From a neurosomatic perspective, sleep is not a switch you flip. It requires a gradual shift in mind-body state. And for many people, that shift does not happen because the system is still mobilized, still vigilant, still trying to manage what feels unresolved.
So the next time you find yourself awake at 2am ruminating thoughts, maybe the question is not only, “Why can’t I sleep?” but “What is my brain still trying to do for me, to protect me from?”
This week's practice is about learning to downshift so you can create enough safety to welcome sleep, at any time of the night.
🎁 NeuroSomatic Practice of the Week
🧠 NeuroMinute...
Sleep onset depends on three things working together: timing, pressure, and safety.
Your circadian rhythm helps tell the brain when it's biologically time to sleep and wake, mostly in response to light, while sleep pressure builds the longer you stay awake, partly through adenosine. When those two systems line up, sleep becomes more likely. Once sleep begins, the brain moves through repeating cycles of non-REM and REM sleep, each supporting different aspects of restoration, learning, and emotional processing.
But there is a third ingredient that is just as important: the nervous system has to feel safe enough to let go. When stress, pain, or unresolved trauma keep the brain in a state of hyperarousal, the body may be exhausted but the system stays on guard. This is why insomnia is increasingly understood not simply as a lack of sleep, but as difficulty downshifting out (and staying out) of vigilance. And when sleep is repeatedly interrupted, the brain has less access to the deeper, more continuous stages that support recovery, which can leave us with more fatigue, more brain fog, and poorer cognitive control the next day. In other words, sleep is not only about being tired enough. It is about whether the brain has the right timing, enough drive, and enough safety to stay asleep.
Once asleep, you actually enter an active, complexly organized process in which different brain areas change how they communicate depending on the stage of sleep. As we fall into non-REM sleep, thalamic gating reduces the flow of outside sensory information to the cortex, which helps disconnect us from the external world. In deeper non-REM sleep, large cortical networks become more synchronized, producing slow waves associated with restoration and memory processing. During this time, the hippocampus and cortex also appear to coordinate in ways that help stabilize and integrate newly learned information.
REM sleep looks very different. The brain becomes more internally activated, especially in regions involved in emotion, memory, and internal generated imagery, while the prefrontal cortex (logical control) is less active. Brainstem circuits also help generate the muscle paralysis that keeps us from acting out most dreams.
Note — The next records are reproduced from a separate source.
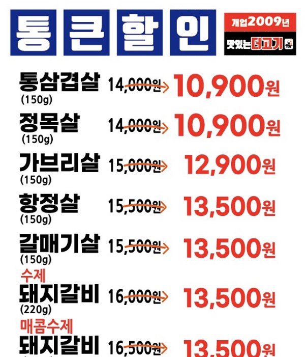 - [특판]무한리필[삼겹+목살+돼지갈비) 16,500원
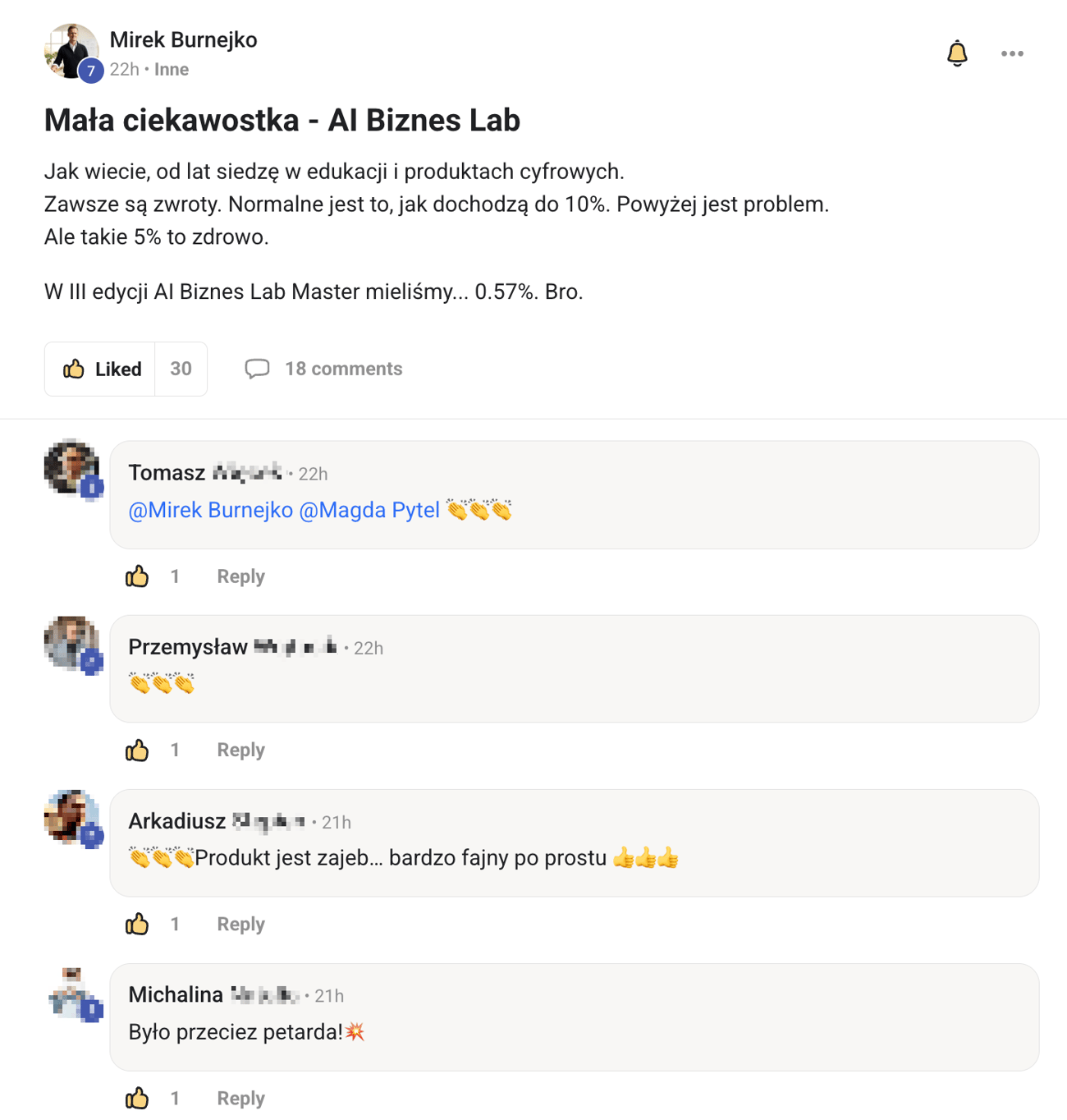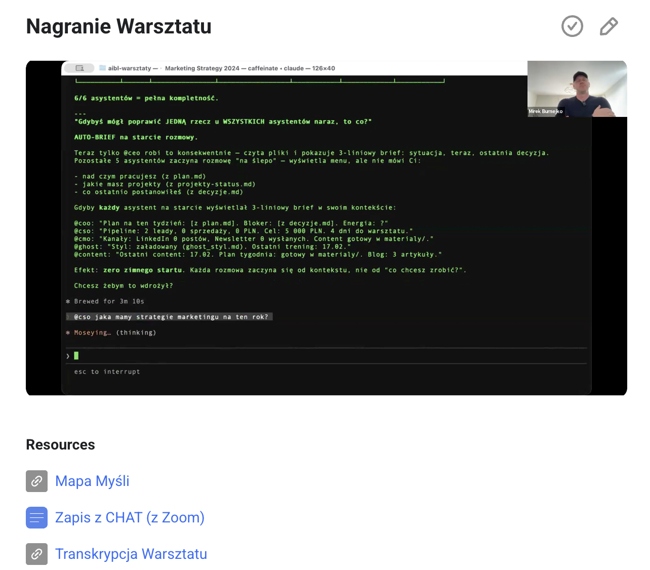 Kupując dostęp ALL ACCESS masz dostęp do mnie. Zawsze po warsztatach, nawet jak przechodzisz je offline (np. edycję III) to możesz napisać do mnie i pomagam 1:1. Masz dziwne wyzwanie? Coś nie działa? Piszesz do mnie. Nie do mojego zespołu. Nie do AI. Do mnie. I pomagam. To część mojej pracy.
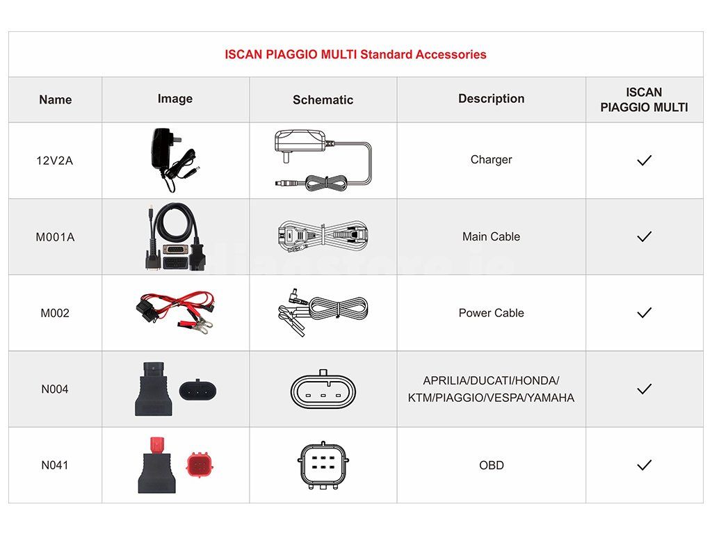 - adapter for Aprilia, Derbi, Gilera, Moto Guzzi, Piaggio, and Vespa motorcycles
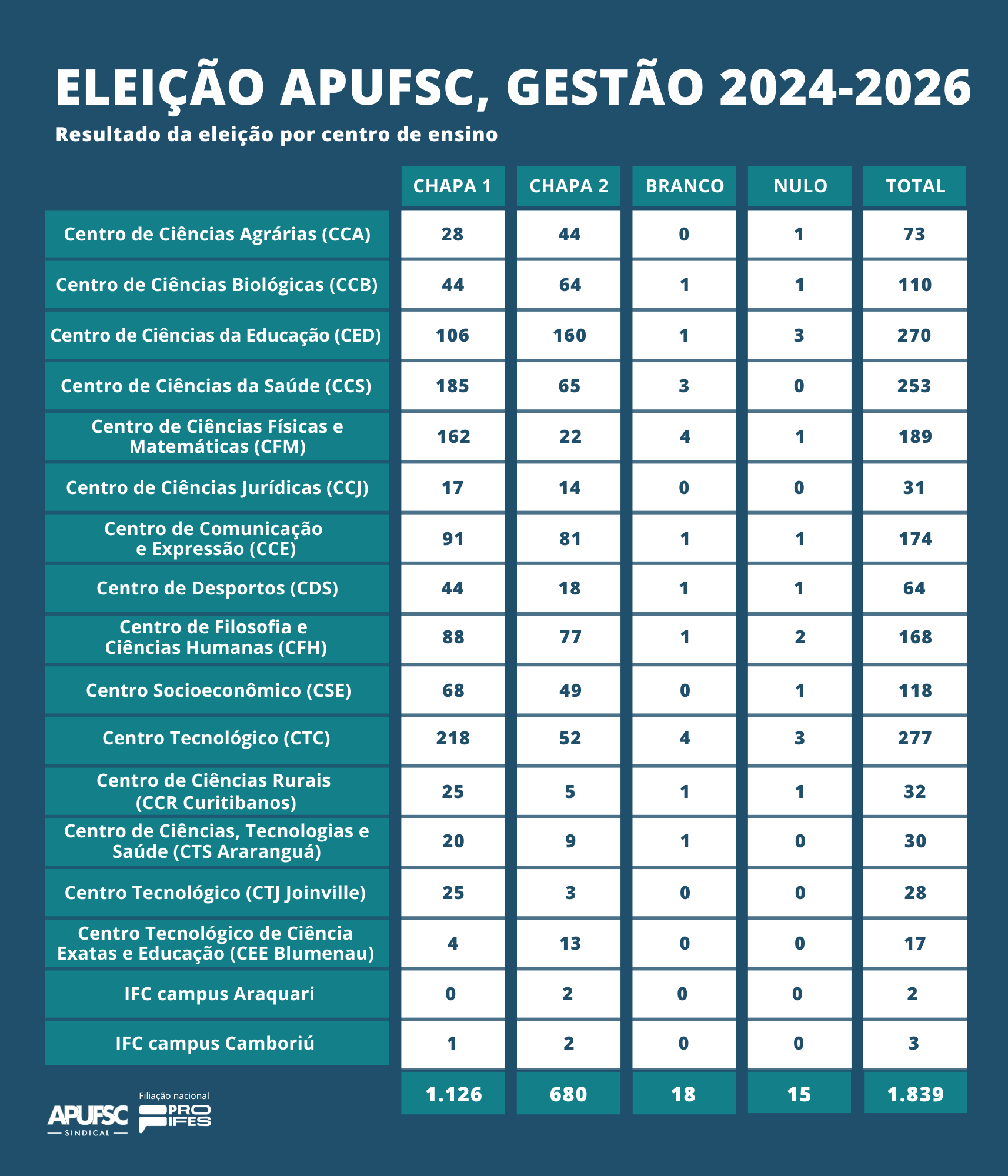 A votação para a eleição da nova Diretoria do sindicato encerrou na sexta-feira, dia 11, com a vitória da Chapa 01, “Somos Apufsc”, presidida por Carlos Alberto Marques, que obteve 1.126 votos (61,23%). A Chapa 02, “Mobiliza Apufsc: base, democracia e luta”, presidida por Adriana D’Agostini, recebeu 680 votos (36,98%). Ao todo, 1.839 filiados e filiadas participaram da votação, por meio da plataforma apufsc.elejaonline.com.
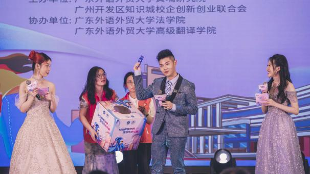 本次晚会在中新广州知识城开发建设办公室的指导下,由广东外语外贸大学黄埔研究院和广州开发区知识城校企创新创业联合会联合主办,由广东外语外贸大学法学院、高级翻译学院协办。校党委副书记唐锐,知识城校区管委会(筹)办公室主任汤程荣,法学院党委书记杨敏生,高级翻译学院党委书记李和民,黄埔研究生院副院长张秀三,高级翻译学院教授褚东伟以及兄弟学校代表、广州开发区知识城校企创新创业联合会代表等领导嘉宾莅临现场观看。

So across the night, the brain alternates between states that support restoration, learning, and emotional processing. Sleep is not passive rest; it is one of the brain’s main periods of reorganization.
And possibly, sleep is one of the most important things we do each day.
Take the next step...
Find a way to restore safety for your nervous system. The 4-Step Reset program offers practices to help you restore that felt sense of safety.
Or book a free call to see how I might help.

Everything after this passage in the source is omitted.